## What you have to do:
Some lines hold the string "with". Copy all of them from the material that follows.

## Records to process:
****************************************

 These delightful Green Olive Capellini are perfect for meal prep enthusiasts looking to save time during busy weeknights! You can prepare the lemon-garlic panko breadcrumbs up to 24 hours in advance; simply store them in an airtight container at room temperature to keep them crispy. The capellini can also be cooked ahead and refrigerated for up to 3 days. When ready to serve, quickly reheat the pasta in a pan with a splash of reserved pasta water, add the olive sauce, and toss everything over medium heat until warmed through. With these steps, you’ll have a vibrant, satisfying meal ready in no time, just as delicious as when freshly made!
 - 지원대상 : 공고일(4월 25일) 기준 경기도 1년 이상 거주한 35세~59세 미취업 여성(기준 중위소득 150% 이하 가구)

****************************************

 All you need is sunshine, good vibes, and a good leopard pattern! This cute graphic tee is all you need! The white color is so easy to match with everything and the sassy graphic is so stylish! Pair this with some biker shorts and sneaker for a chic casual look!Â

****************************************

## Problem solution:
 These delightful Green Olive Capellini are perfect for meal prep enthusiasts looking to save time during busy weeknights! You can prepare the lemon-garlic panko breadcrumbs up to 24 hours in advance; simply store them in an airtight container at room temperature to keep them crispy. The capellini can also be cooked ahead and refrigerated for up to 3 days. When ready to serve, quickly reheat the pasta in a pan with a splash of reserved pasta water, add the olive sauce, and toss everything over medium heat until warmed through. With these steps, you’ll have a vibrant, satisfying meal ready in no time, just as delicious as when freshly made!
 All you need is sunshine, good vibes, and a good leopard pattern! This cute graphic tee is all you need! The white color is so easy to match with everything and the sassy graphic is so stylish! Pair this with some biker shorts and sneaker for a chic casual look!Â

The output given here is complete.